You might wonder if you have something that fits this definition at all. The people you consider family might not live on the same continent, or you might feel that there is little to no intimacy of which to speak. I’m writing to share with you a little bit about the general concept of family, and my families specifically because I believe that there’s no one “right” kind of family. I also believe that many of us—if not all of us, at some point in our lives—have multiple families of different kinds and levels of importance in our hearts.

Many places I’ve been in my life thus far have provided opportunities to create families. As someone with divorced parents, a big extended family, a love of traveling and adventuring (and having lots of homes), and a deep care for people of all kinds, I have a lot of people near and dear to my heart. These represent just a few.

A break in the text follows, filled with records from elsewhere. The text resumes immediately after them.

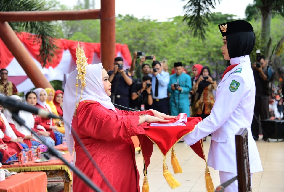 Selaku pembawa baki, Wulan Ramadhani, selangkah-demi selangkah menaiki tangga panggung. Bupati Kasmarni dengan sigap menyerahkan sang saka merah putih kepada siswi asal SMAN 1 Mandau ini.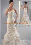 Свадебное платье с открытой зоной декольте поражает безупречностью форм. Изюминка наряда – сверкающие брошки на груди и на бедре. Драпированный корсет зрительно увеличивает бюст и выгодно подчёркивает женственность фигуры. Длинная юбка расширяется к полу и переходит в шлейф. Объёмные сборки в нижней части юбочки придают образу неповторимость.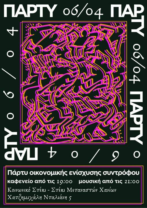 Αυτό το Σάββατο στο Στέκι: Πάρτυ για την οικονομική ενίσχυση συντρόφου με μουσική από τις 9μμ. Το καφενείο θα ανοίξει 7.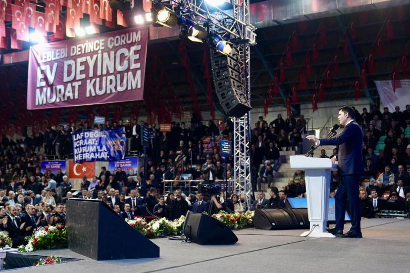 Konuşmasının başında Polis Teşkilatı’nın 181’inci yılını kutlayan Bakan Kurum, tüm şehitleri rahmetle andı. Bakanlığın Çorum’daki yatırımlarının 61 milyar TL’ye ulaştığını söyleyen Bakan Kurum, 9 milyar TL’lik yatırımın ise devam ettiğini söyledi. Bakan Kurum, "Tek bir an bile durmak yok. İlk Evim Arsa Projemiz kapsamında, önümüzdeki 2 ay içerisinde tapu devir işlemlerini tamamlayacağız. Yine, İlk İş Yerim Projemiz kapsamında Üyük ve Şekerbey Mahallelerimizde, 225 iş yerimizin ihalesini 22 Mayıs’ta yapacağız." dedi.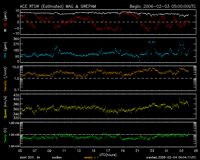 2006/ 2/ 4 13:05 更新 太陽風磁場の変動によって、小規模のオーロラ活動が発生しています。太陽はとても穏やかです。 担当 篠原 昨日のニュース以降も、太陽風磁場の強まりが続いていました。 磁場強度は8nT前後を保っていました。 南北成分も大きくゆったりと変化していて、 -5nT程度の南向きが2〜3時間続くという様な変化が何度も観測されています。 この影響で、小規模ですがオーロラ活動がたびたび発生しています。 AE指数のグラフ(宇宙天気ニュースでは久しぶりの登場です)では、 300〜500nTくらいの変化が観測されています。 活動が小規模なのは、太陽風の速度が360km/秒程度とやや遅めの状態にあるためです。 シベリア磁場データでも500nTの変化が観測されています。 ACEデータの最新の部分(図の右端)を見ると、磁場強度が5nTにやや下がっています。 過去の変化パターンを参考にすると、そろそろ太陽風磁場の強まりが終るのではないでしょうか。 太陽のフレア活動はとても穏やかな状態が続いています。 今日のX線のグラフには小さな変化が見えていますが、 これは本当に小さな点滅が太陽の東端(左端)付近で見られたためです。 SOHO EIT284の太陽写真で小さく明るく見えているあたりです。 この周辺は明るく見えていますので、そのうち小さな黒点群が姿を現すかもしれません。 いずれにせよ、太陽は引き続き穏やかな状態を続けるでしょう。 SOHO衛星のEIT284カメラの映像 (c) SOHO (ESA & NASA)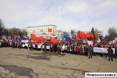 Новомосковск. «Своих не бросаем!», «Поддержим Крым!», «Фашизм не пройдет!», «Пока мы едины – мы непобедимы!», «Крым, Россия с тобой!» - с такими лозунгами вышли сегодня на городскую площадь сотни новомосковцев, чтобы выразить свою обеспокоенность последними событиями на Украине и единодушно поддержали соотечественников.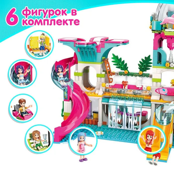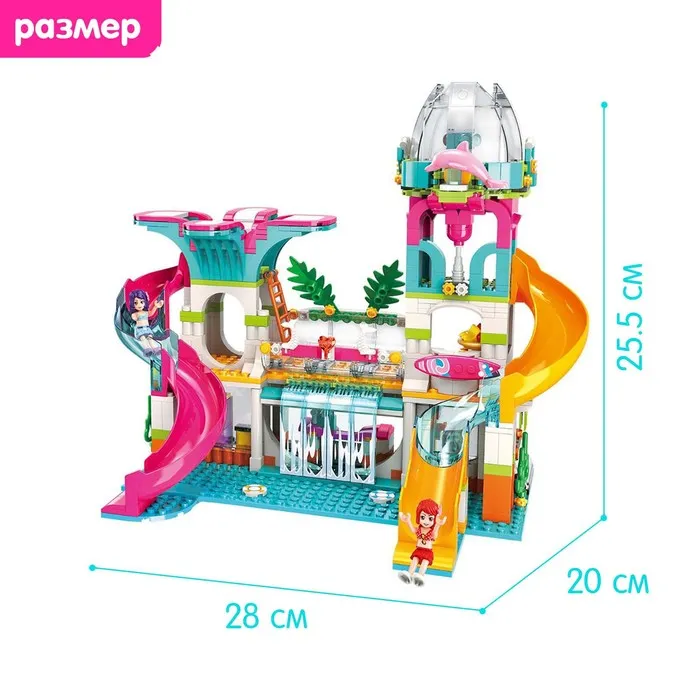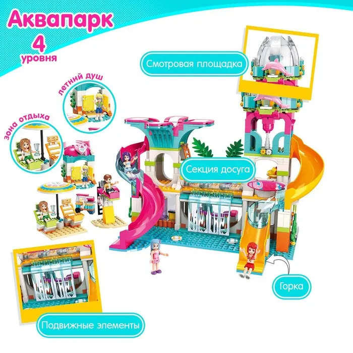 Собирая конструкцию, ребенок тренирует мелкую моторику, логическое мышление и фантазию. Готовый аквапарк вдохновляет на ролевые игры, развивая социальные навыки.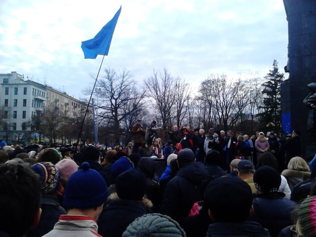 Около памятника Тарасу Шевченко в Харькове собралось около тысячи человек, готовых отстаивать право на подписание соглашения между Украиной и ЕС.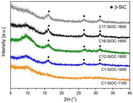 The XRD patterns of the samples investigated in this study are shown in Figure 1. Sample C1–SiOC–1100 was fully X-ray amorphous; whereas all of the other samples revealed the presence of broad reflections related to nanocrystalline β-SiC []. The broad hump centered at a 2θ value of approximately 9.5° is related to the presence of amorphous silica.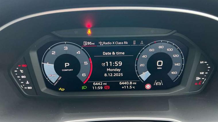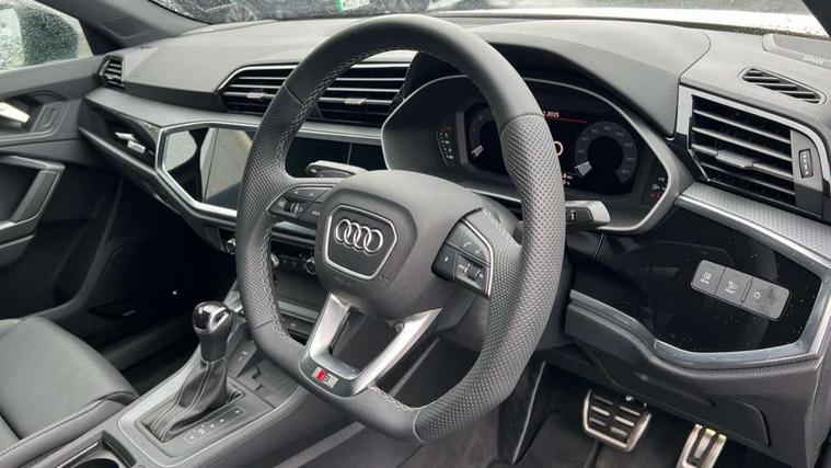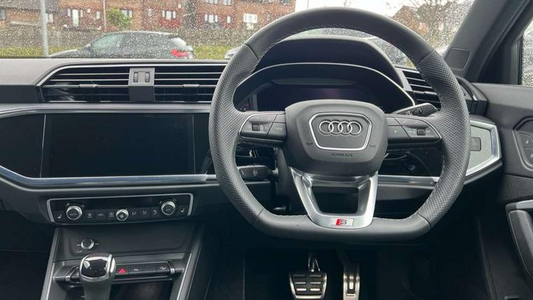 Audi connect safety and service, Audi drive select, Audi lane departure warning, Audi Virtual Cockpit - 10.25" display, Bluetooth interface, Camera based traffic sign recognition, Distraction and Fatigue warning, Legal emergency call, MMI Navigation Plus with high resolution 10.1 inch touchscreen colour display, Power operated tailgate, Progressive steering, Service interval indicator, Smartphone interface includes wireless Apple carplay/Android Auto, Start stop system with recuperation, Voice control system with natural language interaction, Diesel particulate filter, Sports suspension, 2 USB-C ports with charge and data functions, 6 passive loudspeakers, DAB digital radio module, Acoustic windscreen, Audi Beam uses LEDs to project the Audi logo onto the ground as you exit your Q3, Auto dimming door mirrors, Auto dimming frameless rear view mirror, Diffuser grille in grained matt black, Diffuser trim in selenite silver, Electrically folding, adjustable and heated door mirrors with integrated LED side indicators and kerb view function for passenger side, Front and rear electric windows, Front fog lights, Front underbody protection in manhattan grey paint finish, High gloss black finish B and C pillars, LED Dynamic rear indicators, LED headlights with LED daytime running lights, LED rear lights, LED third brake light, Privacy glass dark tinted rear and rear-side windows (from B-pillar backwards), Rain and light sensors, Rear side wing doors, Rear underbody protection in matt black, Rear wiper, S line front and rear bumpers and side skirts in contrasting Manhattan grey paint finish, Variable front intermittent wipers, 12V socket in rear centre console, 3 seat bench in 2nd row, 40:20:40 folding with manual adjustment for 60:40 forwards/backwards position and backrest angle, Adjustable rear seat bench/backrest with centre armrest and cupholder, Black cloth headlining, Dual zone electronic climate control, Electric lumbar support, Front and rear black floor mats with contrast stitching, Front and rear headrests, Front centre armrest, Height and reach adjustable steering wheel, Illuminated door sill trims with S logo, ISOFIX child seat mounting for front passenger with airbag deactivation and outer rear seat including top tether attachment point for outer rear seats, Luggage compartment sill protection in stainless steel, Manual front seats with height adjustment, Perforated leather gearknob, Single front passenger seat, Stainless steel pedals, Twin leather upholstery with front sport seats + S embossing, Black styling pack - Q3, Non smoking pack - Q3, 3x3 point rear seatbelts, 6 airbags - Driver, front passenger, curtain and side windows, Audi pre-sense front with pedestrain and cyclist recognition, Electrically operated child locks on rear doors, Electromechanical parking brake, Electronic stabilisation control including ABS, ASR and EDL, Front seatbelt reminder, Hill descent control, Hill hold assist, Pre sense basic, Seatbelt monitoring, Tyre pressure warning, Warning triangle and first aid kit, Anti theft alarm, Anti theft wheel bolts, Immobiliser, Remote central locking, Aluminium look interior elements, Detail dashboard around MMI touch colour display in glass look, black with surround in aluminium look, Leatherette door armrest, Piano black inlay,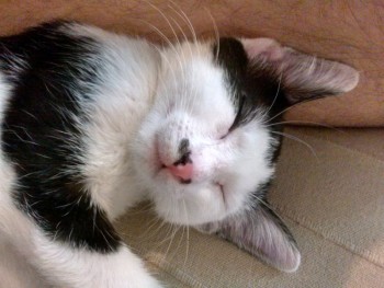 9 miesięczny, szczupły kocurek, czarno-biały, czarna plamka na nosie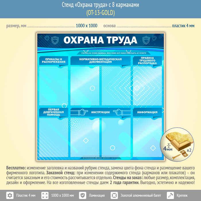 Стенд «Охрана труда» с 8 карманами (OT-13-GOLD) в Тюмени купить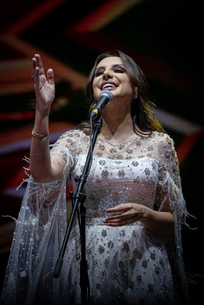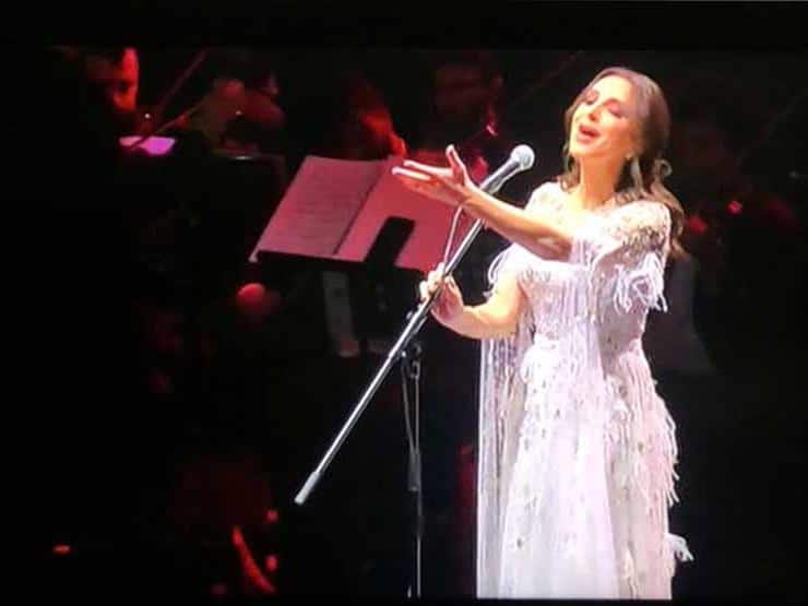 بعد إكمال أنغام كلماتها المتألقة هتفت الجماهير بالترحيب والشكر للفنانة على مشاعرها اتجاه السعوديين لتنطلق أنغام بعد هتافهم في غناء العمل الذي جمعها مع تركي آل الشيخ.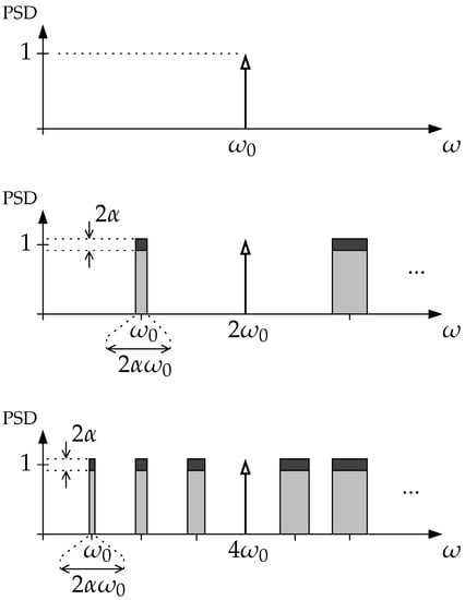 We consider that represents a discrete-time signal containing a target sinusoid whose frequency is , and that is affected by additive white Gaussian noise, , and, possibly also, other co-existing sinusoidal components that are quasi-harmonically related. These are generally represented by .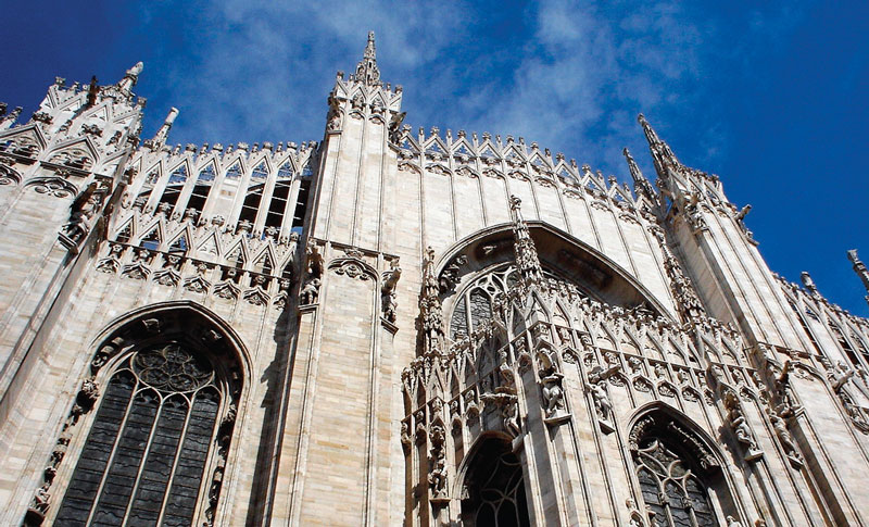 The Duomo di Milano,— or Milan Cathedral — took nearly six centuries to build. It is the largest church in Italy and the fifth largest in the world. The Duomo is dedicated to St. Mary of the Nativity and acts as the seat of the Archbishop of Milan.

Family is often blended, messy, hard-to-define, multiplicitous, and somewhat unpredictable throughout life, but family is more important than I can say. This year, especially in as divided a political climate as it is, let’s celebrate the diversity of families that surround us and inhabit our hearts. Let’s make sure that each single parent has a village surrounding them. That people create, find, and maintain families that give them delight (or that we give them invitations to visit or even join ours if we see that they are without enough love). That we are grateful for what we already have, deciding intentionally not to look and think that the grass is obviously greener where someone else’s families are, while still pressing forward and working to make them the families of our dreams.

It’s not about the size, shape, or components of your famil(ies). It’s not the structure of the family, but the functioning and strength of its bonds, that determine its success. It’s not about hanging on for dear life to people who hurt you simply because “they’re family” and it’s the “right thing to do.”It’s about how the interactions are among your people and you, the kind of love held within the bonds, and the kind of joy that flutters in your heart when you’re together, whatever that looks like.

That’s something that can’t be fully put into words.